# WORK INSTRUCTION
Using the entries below, copy exactly each line from the line with "Mer de glace et le glacier des Bossons" up to and including the line with "En 1948, il", with every picture left out.

───── DATA EXTRACT

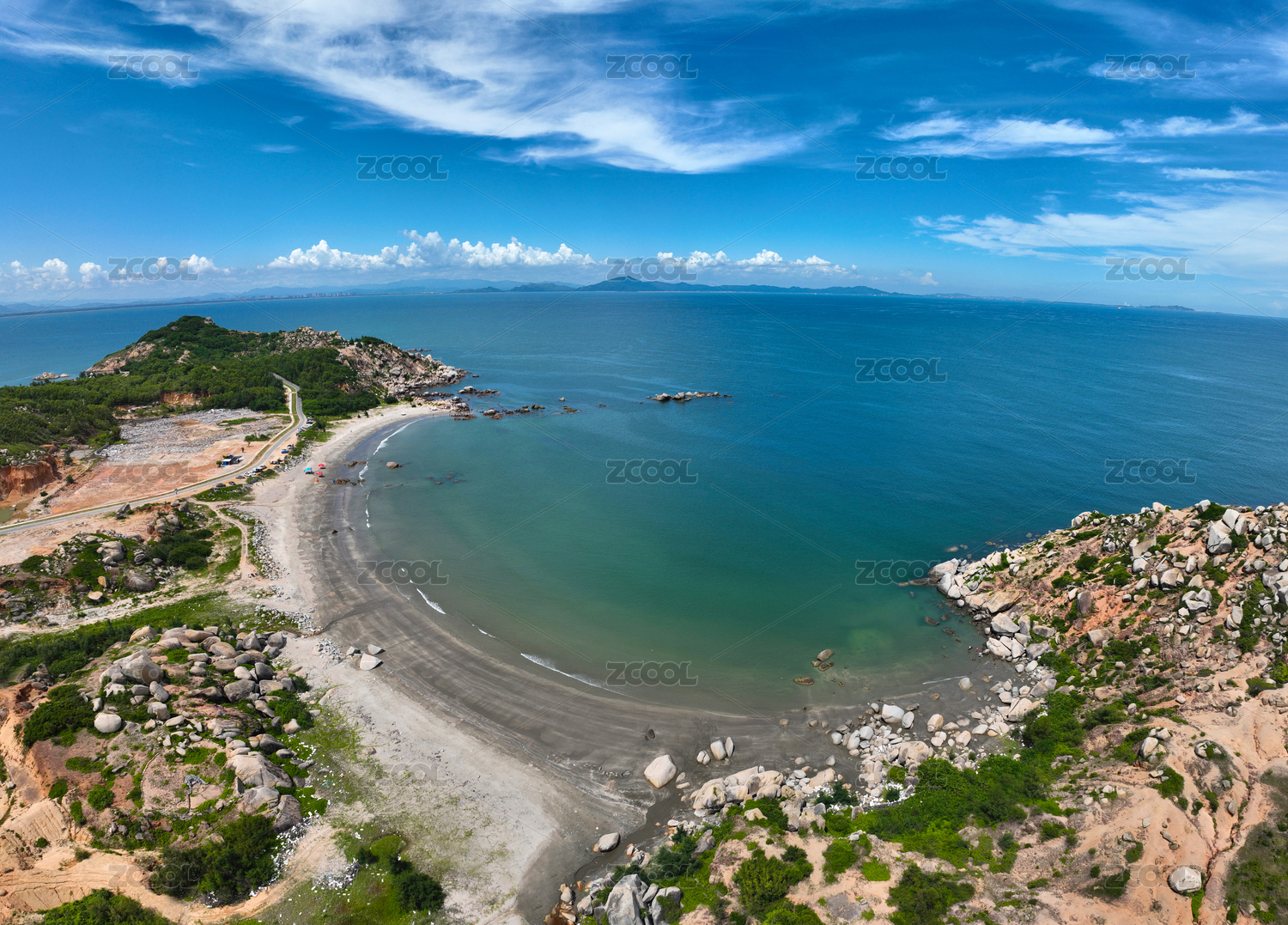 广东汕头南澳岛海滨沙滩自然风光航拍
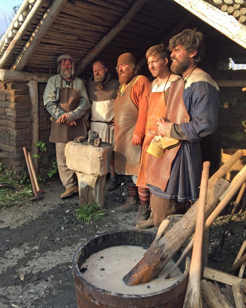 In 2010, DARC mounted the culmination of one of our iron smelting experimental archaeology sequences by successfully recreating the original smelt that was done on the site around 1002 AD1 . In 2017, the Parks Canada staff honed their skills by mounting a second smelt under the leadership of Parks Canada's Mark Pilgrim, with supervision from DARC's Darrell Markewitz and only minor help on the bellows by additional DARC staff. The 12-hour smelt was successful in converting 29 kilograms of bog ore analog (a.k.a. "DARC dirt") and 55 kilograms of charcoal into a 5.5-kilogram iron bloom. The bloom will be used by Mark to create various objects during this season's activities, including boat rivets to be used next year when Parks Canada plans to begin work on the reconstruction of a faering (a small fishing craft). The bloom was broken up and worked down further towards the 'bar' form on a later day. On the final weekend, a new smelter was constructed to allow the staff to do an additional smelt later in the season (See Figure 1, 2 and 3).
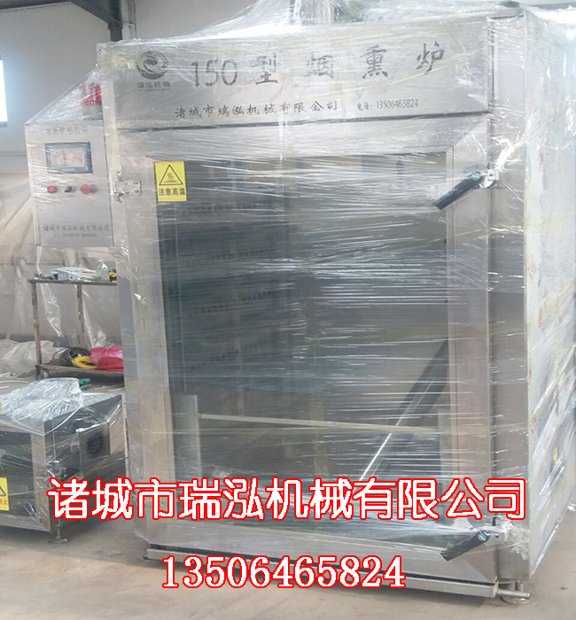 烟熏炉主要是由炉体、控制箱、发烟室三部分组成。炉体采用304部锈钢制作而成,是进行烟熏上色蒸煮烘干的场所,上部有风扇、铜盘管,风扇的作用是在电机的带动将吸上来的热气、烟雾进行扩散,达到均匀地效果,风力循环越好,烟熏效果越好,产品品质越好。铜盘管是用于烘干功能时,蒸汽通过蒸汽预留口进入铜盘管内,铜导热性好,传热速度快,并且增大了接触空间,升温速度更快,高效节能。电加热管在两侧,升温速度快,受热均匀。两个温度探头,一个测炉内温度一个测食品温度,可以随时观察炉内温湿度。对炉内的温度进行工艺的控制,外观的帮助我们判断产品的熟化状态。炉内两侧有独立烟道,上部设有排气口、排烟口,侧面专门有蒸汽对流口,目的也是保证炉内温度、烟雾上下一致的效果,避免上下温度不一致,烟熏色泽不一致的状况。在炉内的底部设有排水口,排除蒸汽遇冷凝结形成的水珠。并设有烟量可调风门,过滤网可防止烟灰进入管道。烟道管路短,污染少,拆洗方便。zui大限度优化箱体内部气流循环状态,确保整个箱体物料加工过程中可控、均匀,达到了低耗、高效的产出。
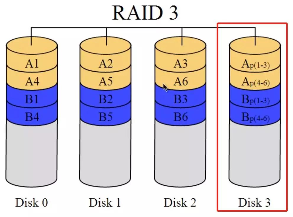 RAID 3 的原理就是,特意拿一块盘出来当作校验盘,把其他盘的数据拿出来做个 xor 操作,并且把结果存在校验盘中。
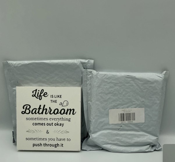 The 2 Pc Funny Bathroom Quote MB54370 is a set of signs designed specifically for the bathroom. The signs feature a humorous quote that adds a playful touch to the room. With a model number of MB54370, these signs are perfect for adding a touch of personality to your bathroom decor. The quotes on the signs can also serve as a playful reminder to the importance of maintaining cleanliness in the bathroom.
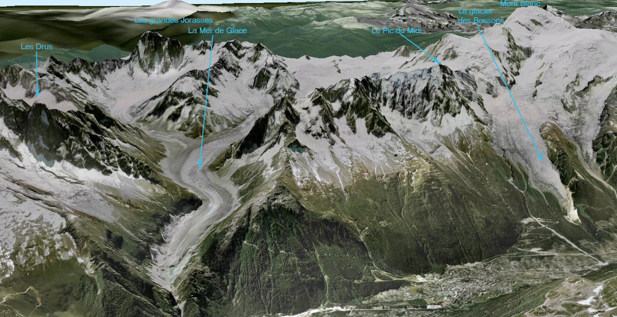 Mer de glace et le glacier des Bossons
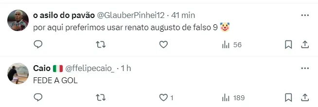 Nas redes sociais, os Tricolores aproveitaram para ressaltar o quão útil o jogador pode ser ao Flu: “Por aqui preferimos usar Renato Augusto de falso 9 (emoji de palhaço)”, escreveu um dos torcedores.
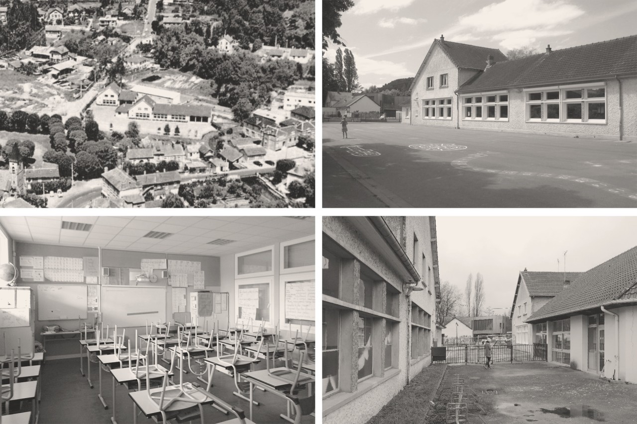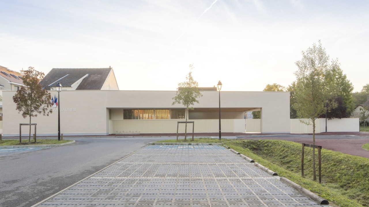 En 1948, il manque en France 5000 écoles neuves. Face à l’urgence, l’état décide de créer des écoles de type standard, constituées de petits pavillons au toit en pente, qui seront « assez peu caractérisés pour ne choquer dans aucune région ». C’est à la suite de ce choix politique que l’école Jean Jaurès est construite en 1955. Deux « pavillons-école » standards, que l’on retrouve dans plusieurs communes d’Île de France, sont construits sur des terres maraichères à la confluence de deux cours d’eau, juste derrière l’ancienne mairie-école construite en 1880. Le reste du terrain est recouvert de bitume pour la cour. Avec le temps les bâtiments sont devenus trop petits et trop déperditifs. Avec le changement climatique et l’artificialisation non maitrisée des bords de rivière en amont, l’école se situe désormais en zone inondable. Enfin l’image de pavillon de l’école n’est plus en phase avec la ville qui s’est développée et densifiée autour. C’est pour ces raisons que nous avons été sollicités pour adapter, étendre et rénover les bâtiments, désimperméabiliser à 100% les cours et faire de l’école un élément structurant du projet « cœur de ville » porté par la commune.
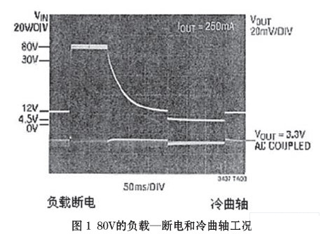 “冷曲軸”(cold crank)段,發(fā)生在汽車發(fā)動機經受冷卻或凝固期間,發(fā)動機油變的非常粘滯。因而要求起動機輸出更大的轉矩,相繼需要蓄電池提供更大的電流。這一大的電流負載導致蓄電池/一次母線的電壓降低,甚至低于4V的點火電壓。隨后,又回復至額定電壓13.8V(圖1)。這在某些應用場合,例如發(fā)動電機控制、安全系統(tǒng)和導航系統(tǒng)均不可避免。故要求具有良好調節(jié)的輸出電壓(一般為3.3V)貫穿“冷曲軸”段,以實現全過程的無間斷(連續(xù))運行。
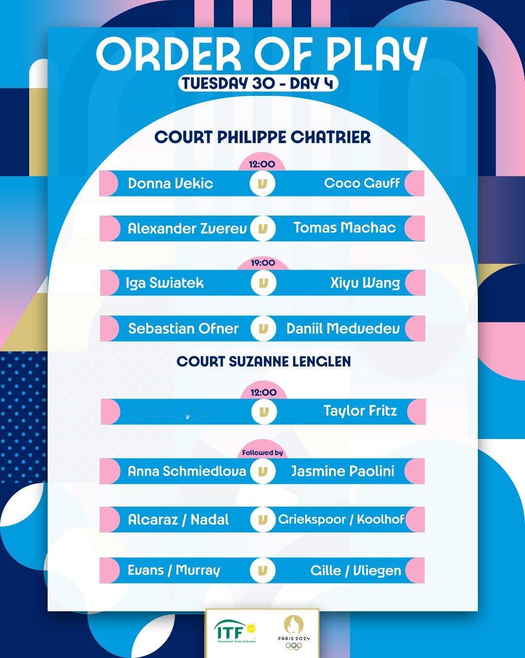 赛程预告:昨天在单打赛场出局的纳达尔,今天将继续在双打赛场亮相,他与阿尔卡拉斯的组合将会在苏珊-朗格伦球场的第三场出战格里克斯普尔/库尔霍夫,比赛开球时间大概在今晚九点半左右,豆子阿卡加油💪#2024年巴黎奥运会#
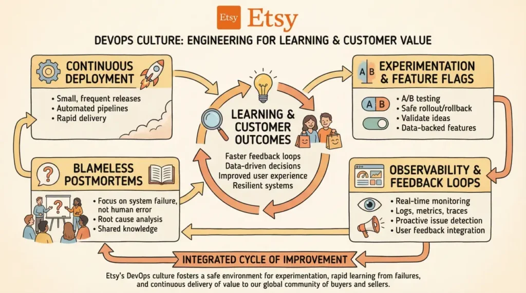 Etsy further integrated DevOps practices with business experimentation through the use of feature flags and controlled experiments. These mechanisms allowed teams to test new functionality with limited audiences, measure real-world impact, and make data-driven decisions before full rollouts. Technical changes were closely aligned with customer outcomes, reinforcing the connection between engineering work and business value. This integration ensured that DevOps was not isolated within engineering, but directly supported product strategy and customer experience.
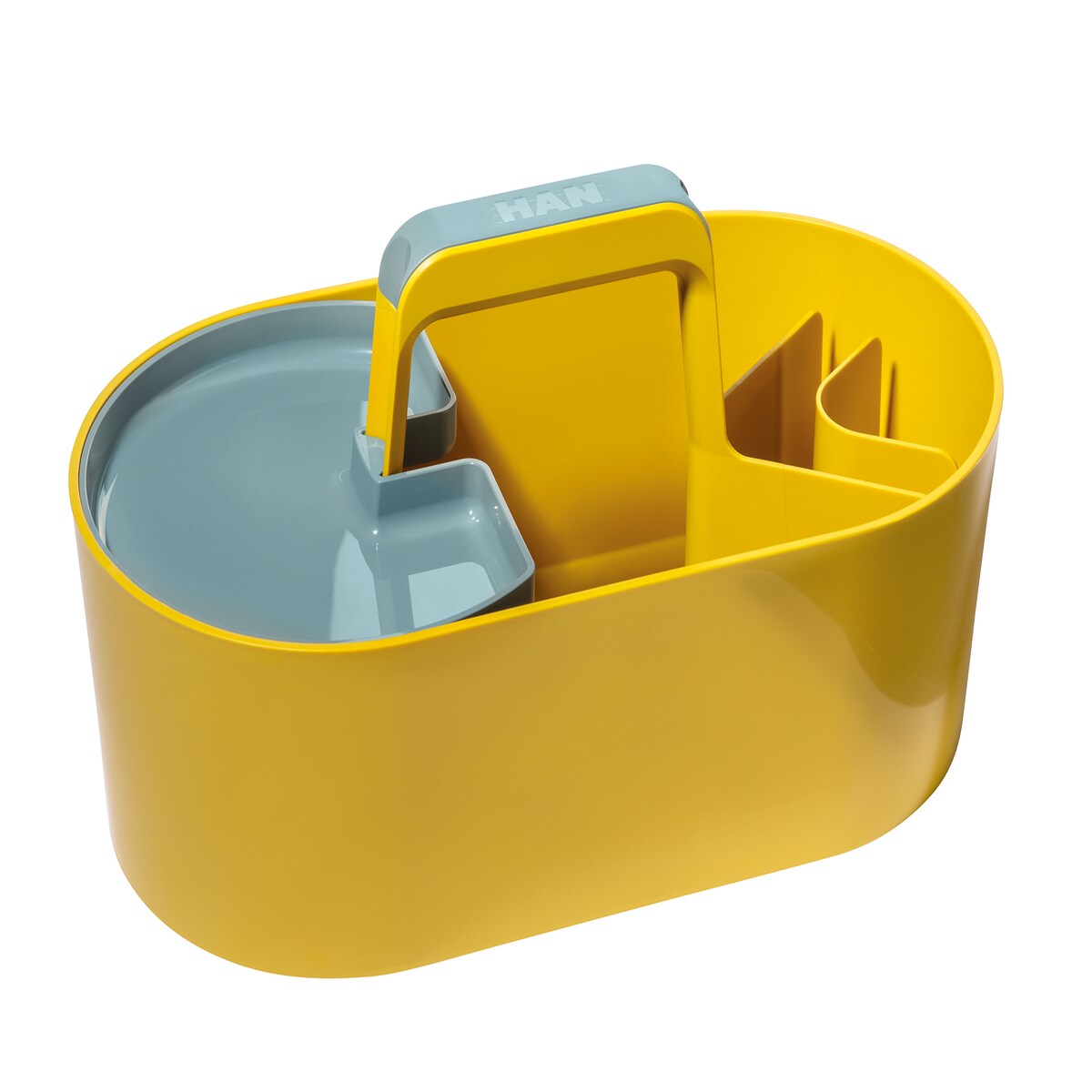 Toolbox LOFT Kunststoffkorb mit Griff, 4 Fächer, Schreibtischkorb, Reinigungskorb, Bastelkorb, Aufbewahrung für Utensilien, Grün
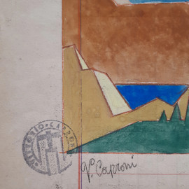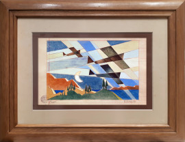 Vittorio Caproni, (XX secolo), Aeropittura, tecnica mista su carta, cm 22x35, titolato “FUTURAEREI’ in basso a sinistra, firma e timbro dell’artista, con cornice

──────────

# ANSWER BOX
 Mer de glace et le glacier des Bossons
 Nas redes sociais, os Tricolores aproveitaram para ressaltar o quão útil o jogador pode ser ao Flu: “Por aqui preferimos usar Renato Augusto de falso 9 (emoji de palhaço)”, escreveu um dos torcedores.
 En 1948, il manque en France 5000 écoles neuves. Face à l’urgence, l’état décide de créer des écoles de type standard, constituées de petits pavillons au toit en pente, qui seront « assez peu caractérisés pour ne choquer dans aucune région ». C’est à la suite de ce choix politique que l’école Jean Jaurès est construite en 1955. Deux « pavillons-école » standards, que l’on retrouve dans plusieurs communes d’Île de France, sont construits sur des terres maraichères à la confluence de deux cours d’eau, juste derrière l’ancienne mairie-école construite en 1880. Le reste du terrain est recouvert de bitume pour la cour. Avec le temps les bâtiments sont devenus trop petits et trop déperditifs. Avec le changement climatique et l’artificialisation non maitrisée des bords de rivière en amont, l’école se situe désormais en zone inondable. Enfin l’image de pavillon de l’école n’est plus en phase avec la ville qui s’est développée et densifiée autour. C’est pour ces raisons que nous avons été sollicités pour adapter, étendre et rénover les bâtiments, désimperméabiliser à 100% les cours et faire de l’école un élément structurant du projet « cœur de ville » porté par la commune.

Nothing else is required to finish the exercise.